§ YOUR ASSIGNMENT
Among the entries below, the lines from the one with "LAVAの店舗やオンラインで" up to and including the one with "クマザサエキスが免疫力と腸内" are to be restated exactly, without pictures.

*** DATA RECORDS Section Begins ***

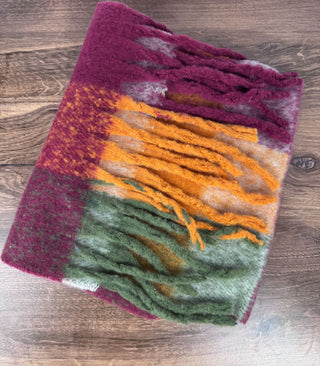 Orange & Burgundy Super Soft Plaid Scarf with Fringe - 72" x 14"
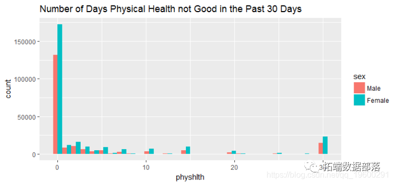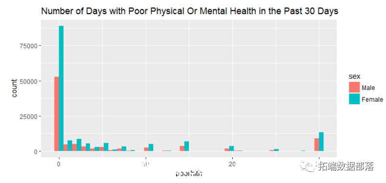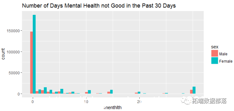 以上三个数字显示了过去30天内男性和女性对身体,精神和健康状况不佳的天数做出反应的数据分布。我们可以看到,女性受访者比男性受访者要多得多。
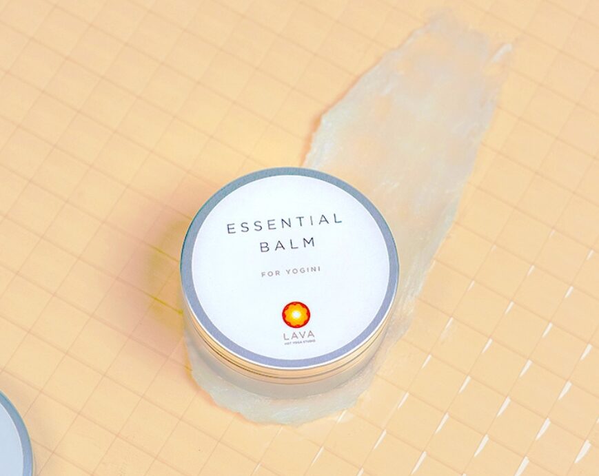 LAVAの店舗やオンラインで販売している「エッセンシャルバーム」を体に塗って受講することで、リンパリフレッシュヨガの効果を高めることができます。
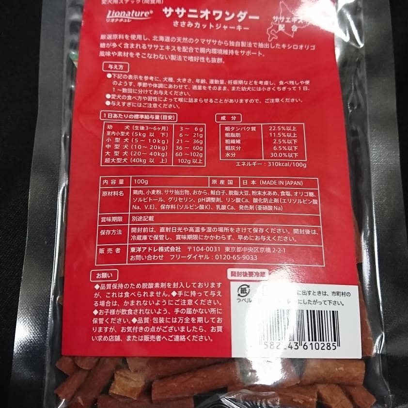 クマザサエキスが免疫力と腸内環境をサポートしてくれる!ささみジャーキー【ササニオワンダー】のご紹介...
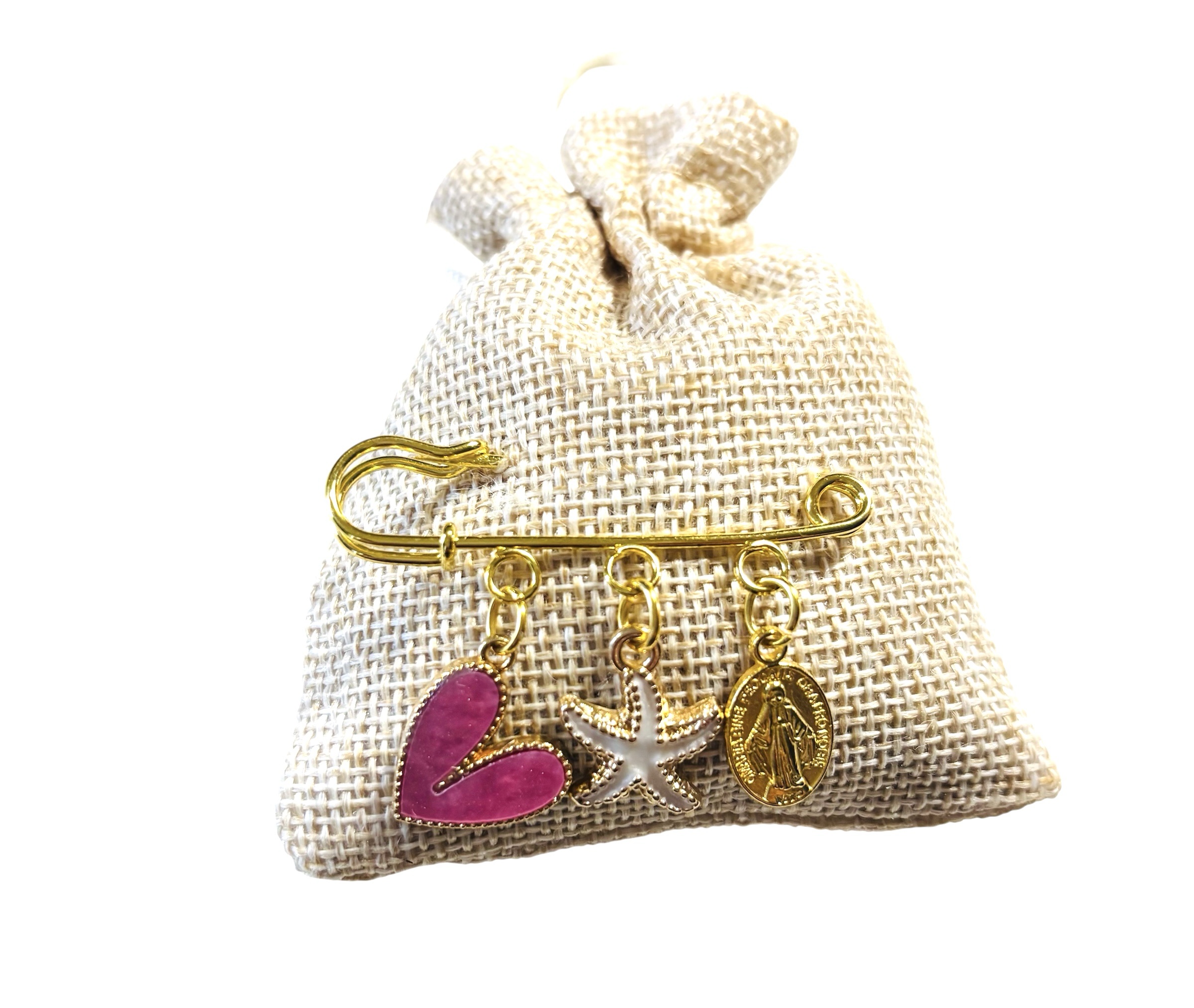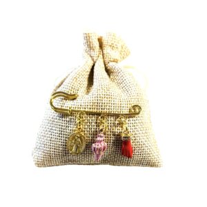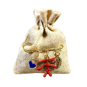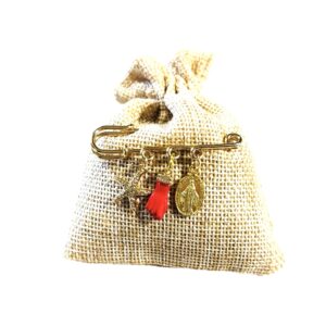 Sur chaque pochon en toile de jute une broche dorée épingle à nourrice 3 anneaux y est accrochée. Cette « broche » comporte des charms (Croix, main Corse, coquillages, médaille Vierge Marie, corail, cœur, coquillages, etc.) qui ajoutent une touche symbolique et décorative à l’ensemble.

*** DATA RECORDS Section Ends ***
*** DATA RECORDS Section Begins ***

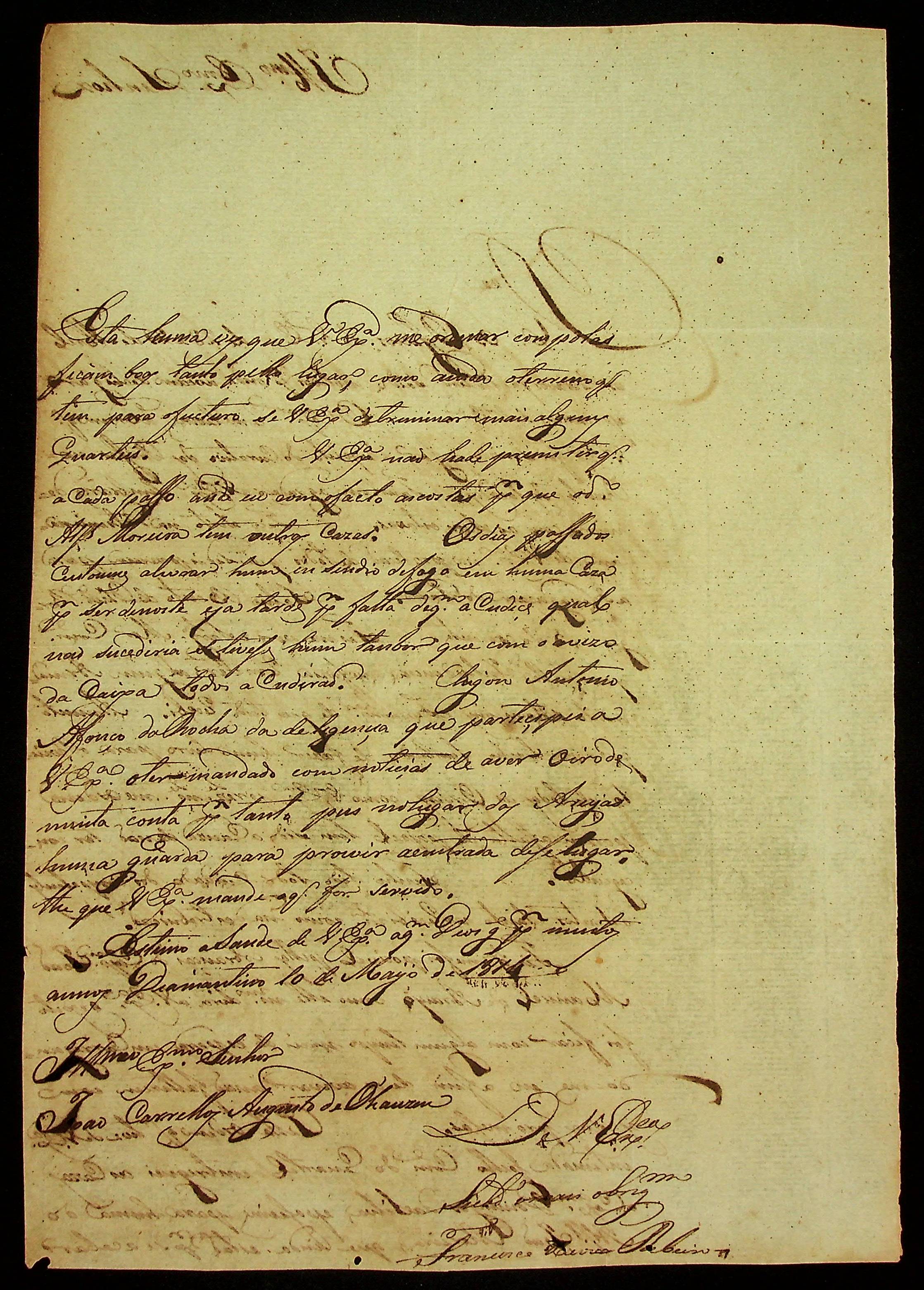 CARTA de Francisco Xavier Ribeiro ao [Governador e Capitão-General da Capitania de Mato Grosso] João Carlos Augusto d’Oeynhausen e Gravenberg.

*** DATA RECORDS Section Ends ***
*** DATA RECORDS Section Begins ***

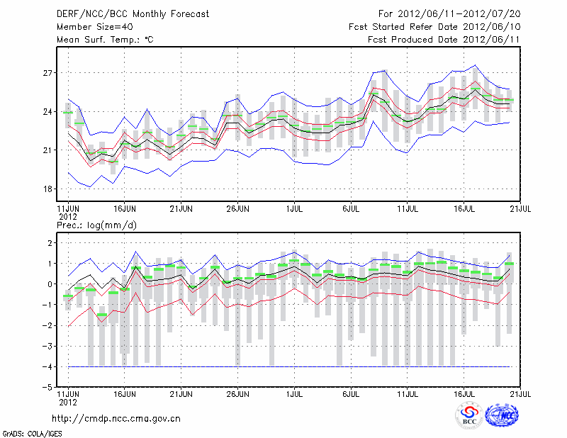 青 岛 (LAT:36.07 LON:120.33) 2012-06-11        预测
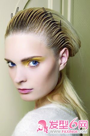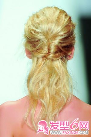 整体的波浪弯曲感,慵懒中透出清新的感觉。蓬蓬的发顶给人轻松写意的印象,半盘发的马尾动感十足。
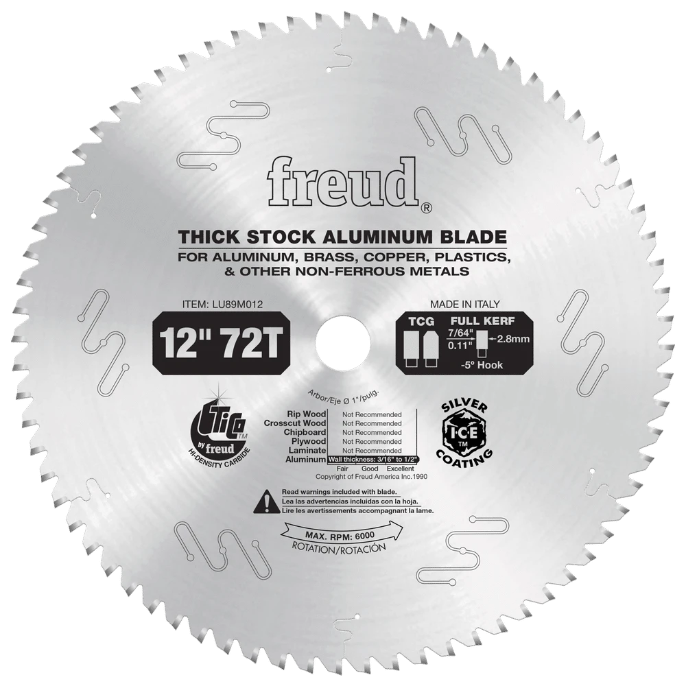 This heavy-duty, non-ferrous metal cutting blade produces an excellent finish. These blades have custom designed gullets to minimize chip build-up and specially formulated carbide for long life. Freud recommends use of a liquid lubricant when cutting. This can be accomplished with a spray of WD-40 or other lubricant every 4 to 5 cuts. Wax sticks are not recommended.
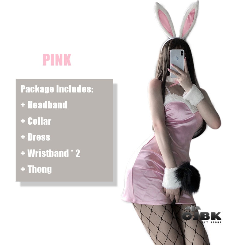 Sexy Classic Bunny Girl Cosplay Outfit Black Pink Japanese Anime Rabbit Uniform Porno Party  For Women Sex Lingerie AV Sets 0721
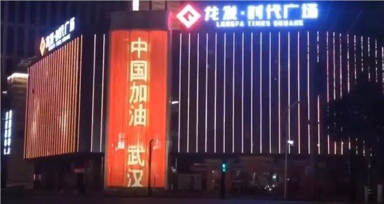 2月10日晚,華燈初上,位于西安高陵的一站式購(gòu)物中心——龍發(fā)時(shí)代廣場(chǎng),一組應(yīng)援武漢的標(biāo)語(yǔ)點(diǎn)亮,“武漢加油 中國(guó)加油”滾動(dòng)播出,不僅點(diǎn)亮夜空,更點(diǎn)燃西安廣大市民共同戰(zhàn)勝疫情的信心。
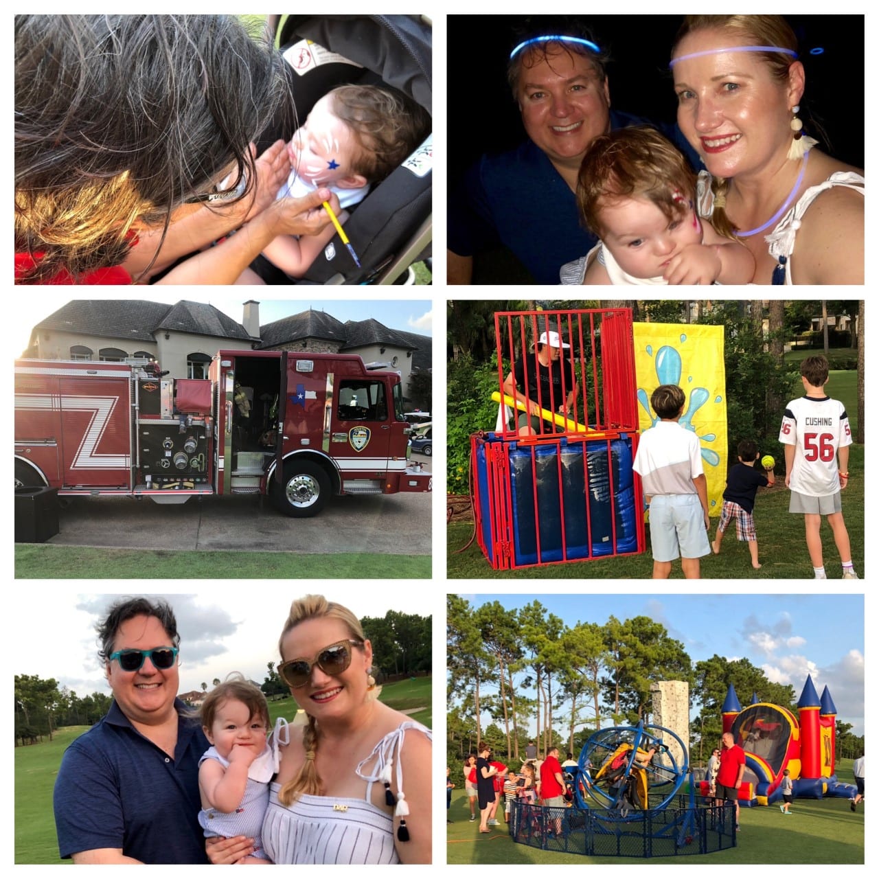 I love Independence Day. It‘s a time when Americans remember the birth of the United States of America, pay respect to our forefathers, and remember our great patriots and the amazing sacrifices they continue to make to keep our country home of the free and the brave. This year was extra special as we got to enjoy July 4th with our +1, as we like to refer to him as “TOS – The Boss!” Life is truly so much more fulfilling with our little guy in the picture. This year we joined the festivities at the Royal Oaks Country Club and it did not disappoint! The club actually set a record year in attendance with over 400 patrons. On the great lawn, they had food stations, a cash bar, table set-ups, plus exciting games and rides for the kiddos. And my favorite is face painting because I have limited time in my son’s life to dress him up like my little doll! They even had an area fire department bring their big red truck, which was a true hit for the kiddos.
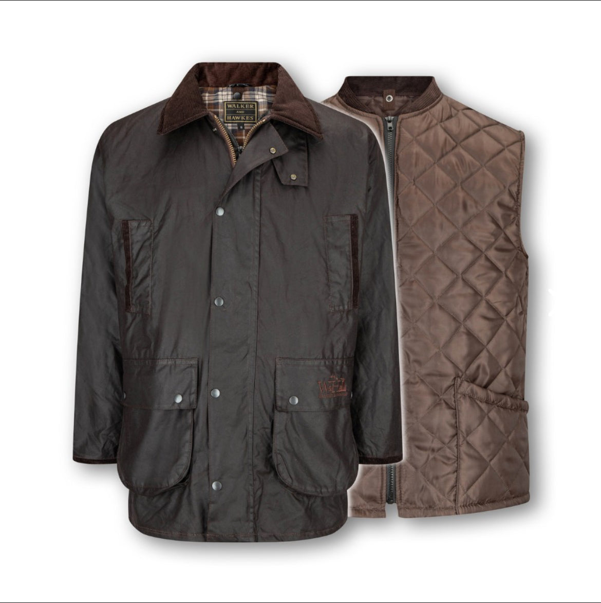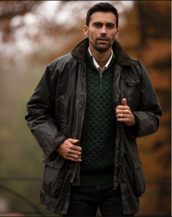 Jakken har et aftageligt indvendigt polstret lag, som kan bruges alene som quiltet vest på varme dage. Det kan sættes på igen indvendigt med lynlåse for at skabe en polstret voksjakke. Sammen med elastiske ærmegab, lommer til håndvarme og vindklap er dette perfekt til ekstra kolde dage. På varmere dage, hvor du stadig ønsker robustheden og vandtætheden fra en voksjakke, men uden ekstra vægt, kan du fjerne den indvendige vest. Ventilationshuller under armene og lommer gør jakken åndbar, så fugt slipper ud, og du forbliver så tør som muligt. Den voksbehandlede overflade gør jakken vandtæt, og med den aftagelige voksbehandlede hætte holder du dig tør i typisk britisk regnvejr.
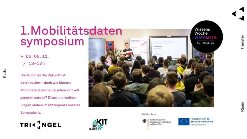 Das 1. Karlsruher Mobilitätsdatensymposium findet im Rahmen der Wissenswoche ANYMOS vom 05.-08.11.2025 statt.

*** DATA RECORDS Section Ends ***

§ SOLUTION TO THE EXERCISE
 LAVAの店舗やオンラインで販売している「エッセンシャルバーム」を体に塗って受講することで、リンパリフレッシュヨガの効果を高めることができます。
 クマザサエキスが免疫力と腸内環境をサポートしてくれる!ささみジャーキー【ササニオワンダー】のご紹介...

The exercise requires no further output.